[Data extracted from a collection]:
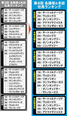 3位には、路線変更したアドマイヤマーズに代わって、ダノンキングリーが浮上。ヴェロックス同様、皐月賞で僅差の勝負を演じ、ダービーでも再度の奮闘が見込まれている。
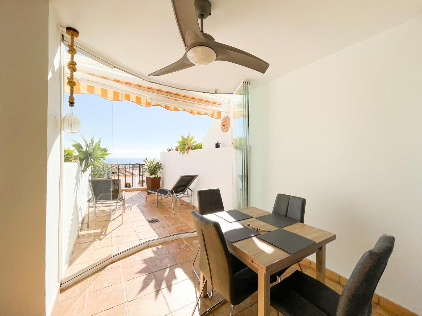 The spacious apartment with a terrace and sea views features 1 bedroom, a living room, a flat-screen TV, an equipped kitchen with an oven, and 1 bathroom with a bath.
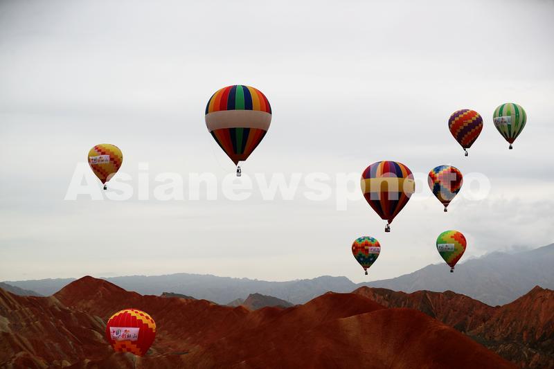 8月16日,热气球飞越甘肃张掖七彩丹霞景区。
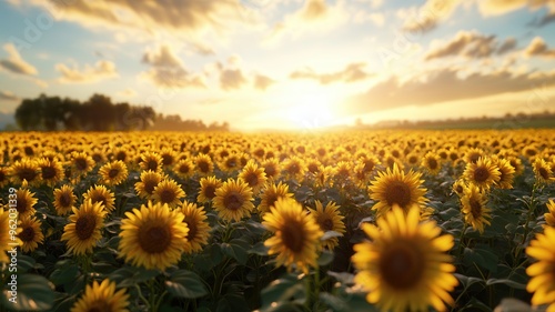 A stunning sunflower field bathed in golden sunlight, capturing the beauty of nature during a bright summer evening.
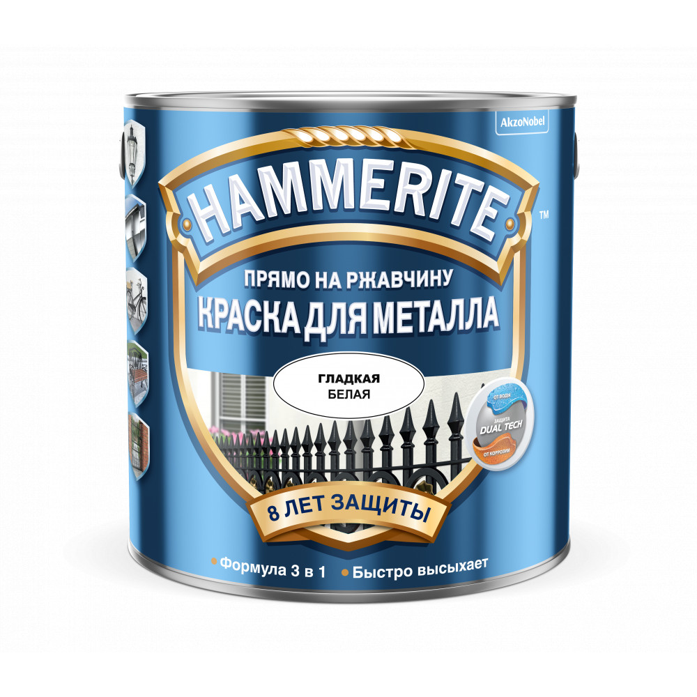 Краска Hammerite гладкая белая RAL 9016 0,75л
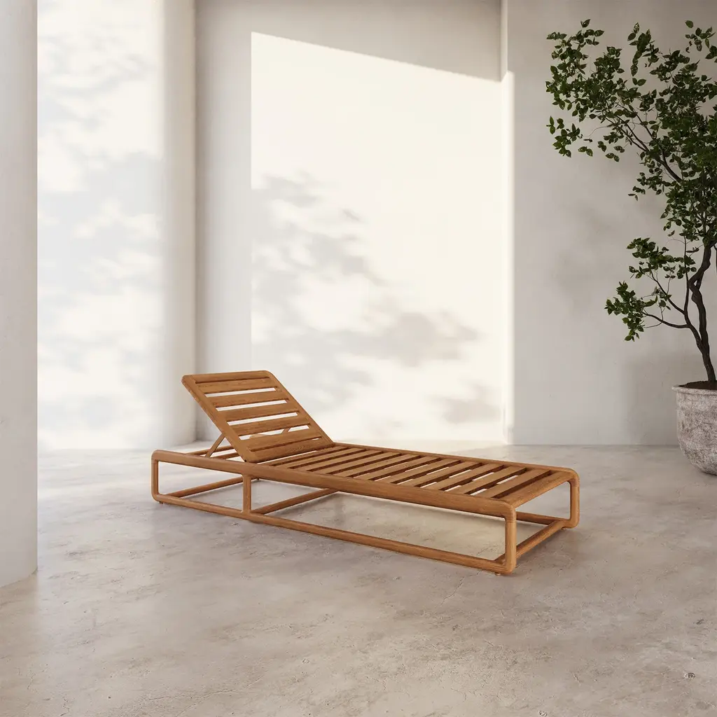 The Dock Chaise Lounge is designed for effortless outdoor relaxation, featuring a sleek teak frame with sculptural lines and an optional cushion. Its low-profile silhouette and open framework create an airy, modern aesthetic, while the reclining backrest allows for customizable comfort. Crafted for durability and style, the Dock Chaise is the perfect addition to poolside lounging or sunlit patios, offering a seamless blend of function and refined design.
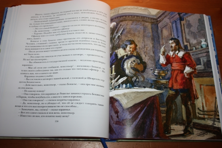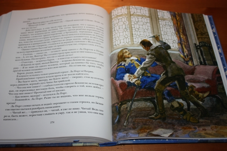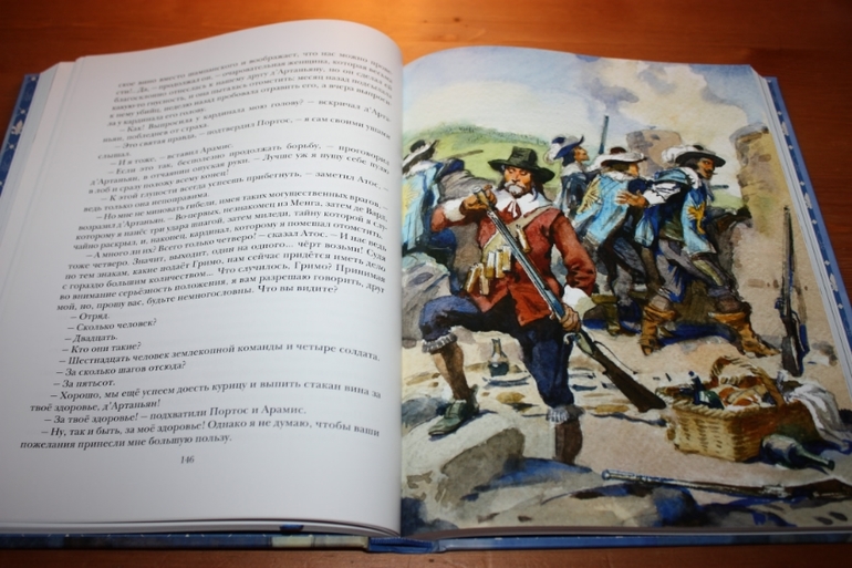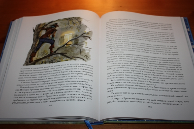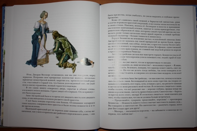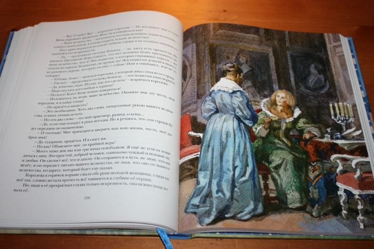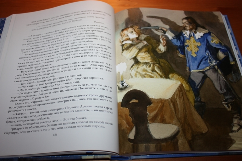 Но для такого взрослого произведения, я считаю, вполне достаточно. Направление для читателя задано, остальное доделает фантазия. Образы героев визуализированы здорово... Правда, вот тут я словлю пару килограммов помидоров... "Трёх мушкетёров" целиком я ещё никогда не читала... Начинала несколько раз, но всё как-то не складывалось. То в детстве книгу у дедушки забыла, пока из другого города пересылали домой, я уже что-то другое читала... То в подростковом возрасте начинала читать, а тут что-то важное и нужное для школы или для подготовительных курсов надо было прочитать в большом количестве... То позже во взрослом возрасте никак книга вовремя под руку не подворачивалась... Сейчас я думаю, что просто судьба такая: прочитать впервые роман целиком именно в таком шикарном оформлении
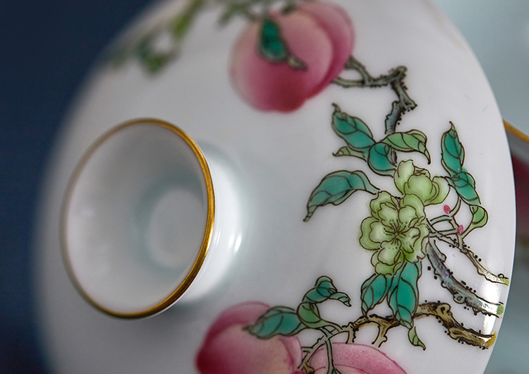 此盖碗整体线条流畅,腹部外鼓,利于聚合香气和味道。分为三部分,盖、碗、托,所对应的正是天、人、地。三个部分分别在外沿施以描金,更显器物雍容典雅。
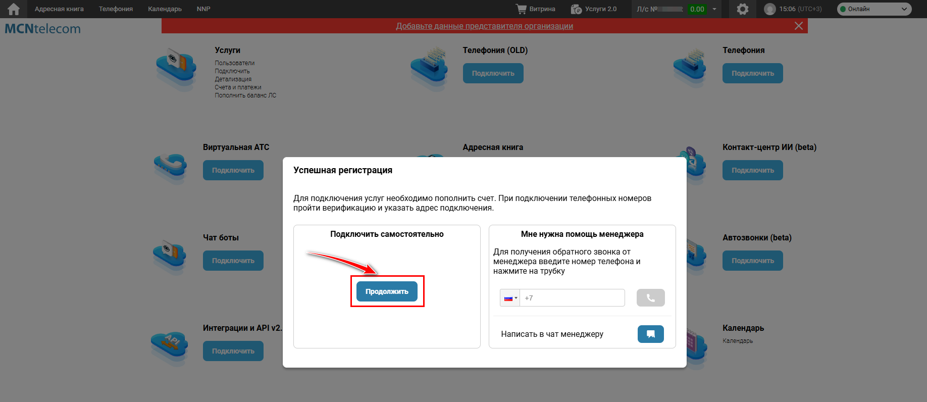 В личном кабинете, после регистрации откроется окно «Успешная регистрация» — выберите «Подключить самостоятельно» и нажмите на «Продолжить».
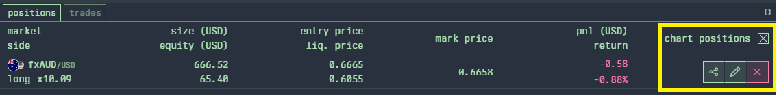 거래를 개시한 후에는 '포지션' 탭에서 거래를 표시하고 여기에서 거래를 관리할 수 있는 몇 가지 옵션을 제공합니다.
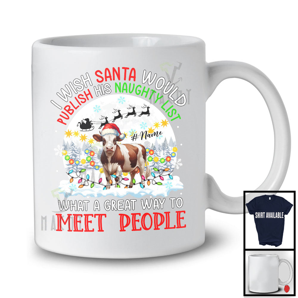 Personalized Publish His Naughty List; Lovely Christmas Custom Name Cow Santa T-Shirt
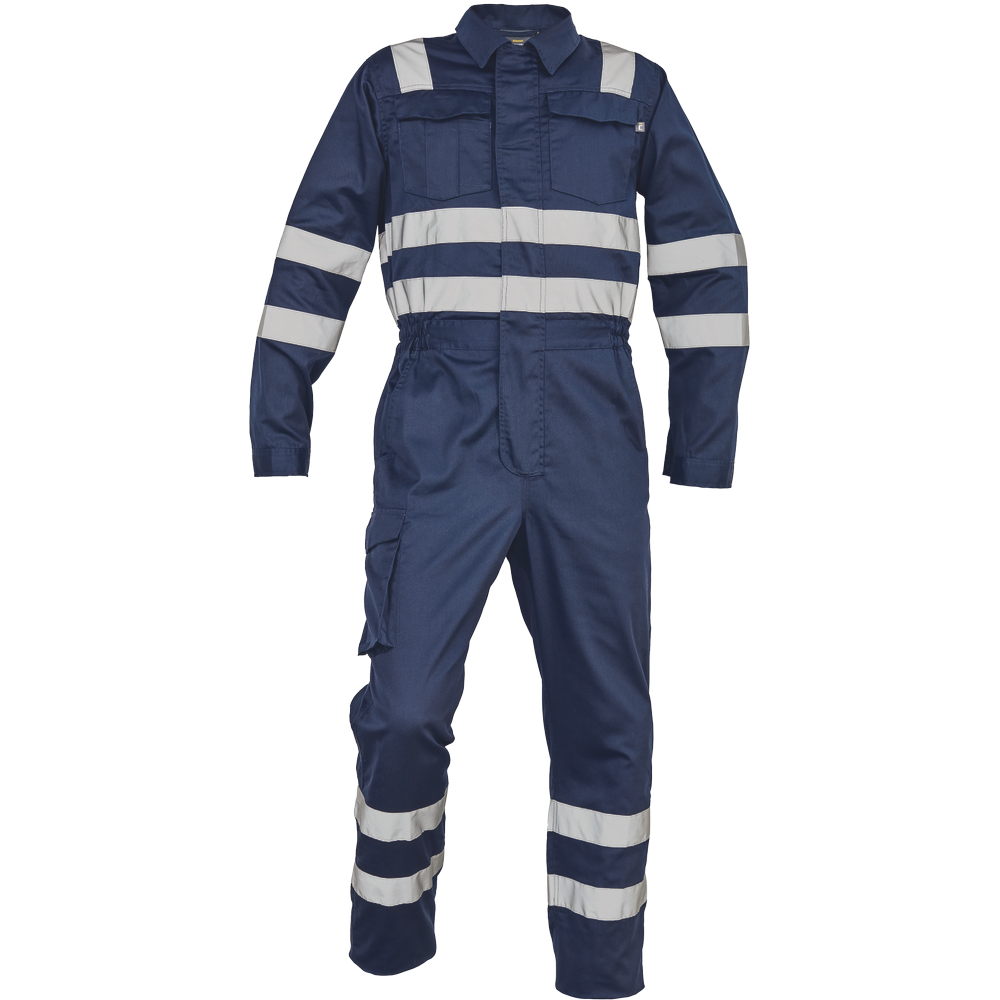 • pánský lehký pracovní overal s reflexním pruhy přes ramena, v bocích, na rukávech a nohavicích • elastický pas, zapínání na zip kryté légou na suchý zip • 2 postranní kapsy, 1 kapsička na mince • 1 multifunkční stehenní kapsa • 2 náprsní kapsy s klopou, 2 zadní kapsy • nastavitelná délka nohavic
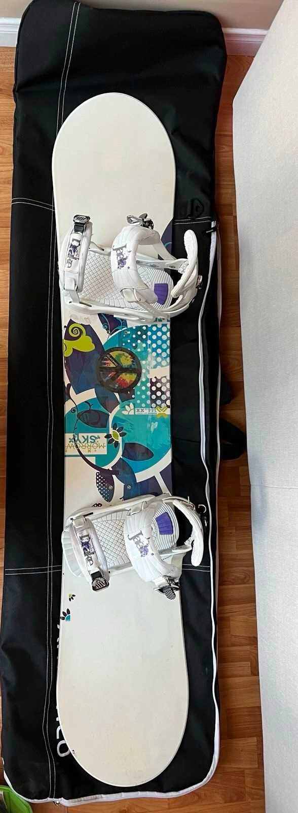 Get ready to carve up the slopes with this Morrow Sky 144cm snowboard! This snowboard has seen some action and is in used condition, ready for its next adventure. Perfect for someone looking to progress their skills. Key Features: - Brand: Morrow - Model: Sky - Length: 144cm - Bindings: Dakine This board has plenty of life left and is just waiting for its next run. Don't miss out on the opportunity to own it! Including compatible snowboard boots (fit women’s size 9), helmet, and carrier bag. If the ad is still up, the snowboard bundle is still available, so no need to ask! Grab it in time for the season!

[EXERCISE PROMPT]:
Reproduce the records above word for word, without the images.

[EXERCISE ANSWER]:
 3位には、路線変更したアドマイヤマーズに代わって、ダノンキングリーが浮上。ヴェロックス同様、皐月賞で僅差の勝負を演じ、ダービーでも再度の奮闘が見込まれている。
 The spacious apartment with a terrace and sea views features 1 bedroom, a living room, a flat-screen TV, an equipped kitchen with an oven, and 1 bathroom with a bath.
 8月16日,热气球飞越甘肃张掖七彩丹霞景区。
 A stunning sunflower field bathed in golden sunlight, capturing the beauty of nature during a bright summer evening.
 Краска Hammerite гладкая белая RAL 9016 0,75л
 The Dock Chaise Lounge is designed for effortless outdoor relaxation, featuring a sleek teak frame with sculptural lines and an optional cushion. Its low-profile silhouette and open framework create an airy, modern aesthetic, while the reclining backrest allows for customizable comfort. Crafted for durability and style, the Dock Chaise is the perfect addition to poolside lounging or sunlit patios, offering a seamless blend of function and refined design.
 Но для такого взрослого произведения, я считаю, вполне достаточно. Направление для читателя задано, остальное доделает фантазия. Образы героев визуализированы здорово... Правда, вот тут я словлю пару килограммов помидоров... "Трёх мушкетёров" целиком я ещё никогда не читала... Начинала несколько раз, но всё как-то не складывалось. То в детстве книгу у дедушки забыла, пока из другого города пересылали домой, я уже что-то другое читала... То в подростковом возрасте начинала читать, а тут что-то важное и нужное для школы или для подготовительных курсов надо было прочитать в большом количестве... То позже во взрослом возрасте никак книга вовремя под руку не подворачивалась... Сейчас я думаю, что просто судьба такая: прочитать впервые роман целиком именно в таком шикарном оформлении
 此盖碗整体线条流畅,腹部外鼓,利于聚合香气和味道。分为三部分,盖、碗、托,所对应的正是天、人、地。三个部分分别在外沿施以描金,更显器物雍容典雅。
 В личном кабинете, после регистрации откроется окно «Успешная регистрация» — выберите «Подключить самостоятельно» и нажмите на «Продолжить».
 거래를 개시한 후에는 '포지션' 탭에서 거래를 표시하고 여기에서 거래를 관리할 수 있는 몇 가지 옵션을 제공합니다.
 Personalized Publish His Naughty List; Lovely Christmas Custom Name Cow Santa T-Shirt
 • pánský lehký pracovní overal s reflexním pruhy přes ramena, v bocích, na rukávech a nohavicích • elastický pas, zapínání na zip kryté légou na suchý zip • 2 postranní kapsy, 1 kapsička na mince • 1 multifunkční stehenní kapsa • 2 náprsní kapsy s klopou, 2 zadní kapsy • nastavitelná délka nohavic
 Get ready to carve up the slopes with this Morrow Sky 144cm snowboard! This snowboard has seen some action and is in used condition, ready for its next adventure. Perfect for someone looking to progress their skills. Key Features: - Brand: Morrow - Model: Sky - Length: 144cm - Bindings: Dakine This board has plenty of life left and is just waiting for its next run. Don't miss out on the opportunity to own it! Including compatible snowboard boots (fit women’s size 9), helmet, and carrier bag. If the ad is still up, the snowboard bundle is still available, so no need to ask! Grab it in time for the season!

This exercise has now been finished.